I've been beating my head against the wall for a few days. Even though I had said, time and time again, that I was going to write this Nano, after having missed the last 3 for reasons that may become clear, and may not. I even said I had a story, and I do, sort of, but it's stuck in my head, floating around like that bit of spider web that seems to never touch down and hovers just out of reach.
I mean, I don't even have a character name in mind. Old names, yes. Old plots, sure. Things I've started on, but those aren't fair and sort of against the nano rules. But the mind, she is blank. Empty of things like fantasy lines and mysteries to be solved and crimes to be punished and pretty damn well most anything else except for what I finally decided to write about. Something incredibly boring to most folks who walk the realm of fantasy and mystery and spies and magic. I'm going to write about real life. I'm going to write about my oldest and dearest friend. I'm going to write about anger. My anger. Not your anger, not my brother's anger, not my wife's anger... my anger.

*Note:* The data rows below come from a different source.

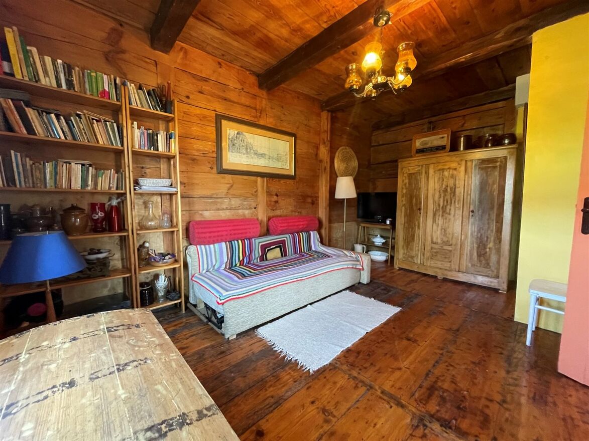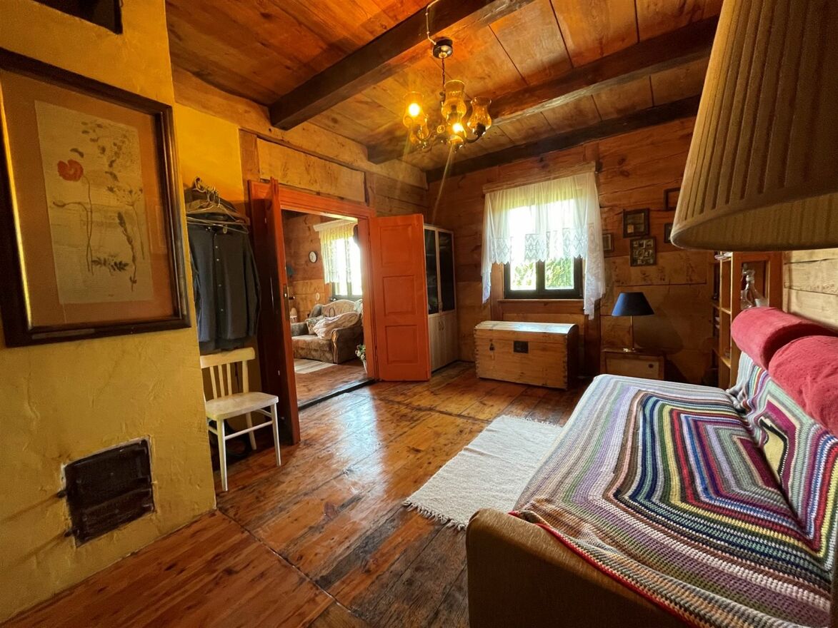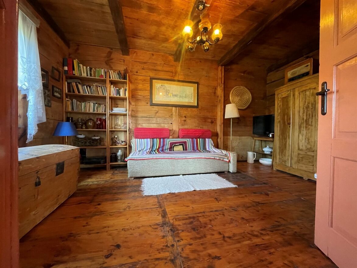 - dwa pokoje połączone dużymi drzwiami. W jednym z pokoi kominek, z którego ciepło jest rozprowadzone po pozostałych pomieszczeniach.
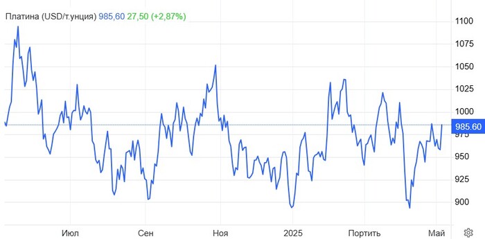 Фьючерсы на платину взмыли выше $980 за унцию в мае, отскочив от трехнедельного минимума в $959,5 в конце апреля, поскольку драгоценные металлы выросли на возобновлении спроса на безопасные активы.
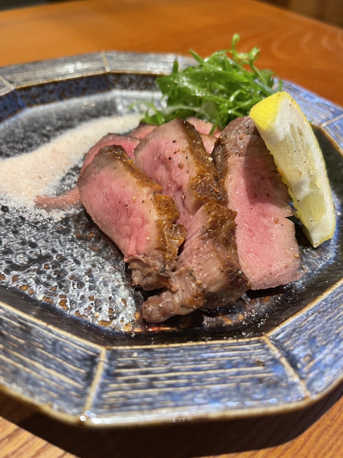 周南・中央街の炭焼きビストロ「たまには。」で提供する厚切り牛タン(写真提供=たまには。)

I'm thinking I've been needing to do this for a long, long time. I'm thinking that it's a cathartic thing, and, who knows... maybe I'll be able to write about the fuzzy bunnies and maybe bring Bags and Pockets and Grizelda back to life. Doubtful, though... See, that's one of the things that makes me angry, and I'm sure it's gonna make an appearance in the book.
I'm pretty sure I'm going to piss folks off. I'm pretty sure that it might even separate friends. Now, I'm going to try to make sure that those living are not make squickish by this. I might change the names to protect those I'm talking about, but they'll know, and more than likely those that know them will know. So, I may make passing reference to them so that the events that affected me will not point to or include them.
I'm going to try, any way...
On second thought... maybe I will write a story. A semi non fictional story about a guy who, one day, just wakes up angry. Angry at the world. Angry at his parents. Angry at the jobs that fired him and the people behind it. Angry at things done and not done.
I think I'll title it "An angry man" and see where it goes. Maybe it'll be funny. Maybe it'll be sad. Maybe it'll be both of those things. Maybe I'll even make it all the way through this Nano and hit the 50,000 word mark. Let me get started and see where it goes. ( John wakes up angry )
Well, day one ends with 2544 words under my belt. Let's see what tomorrow brings, shall we?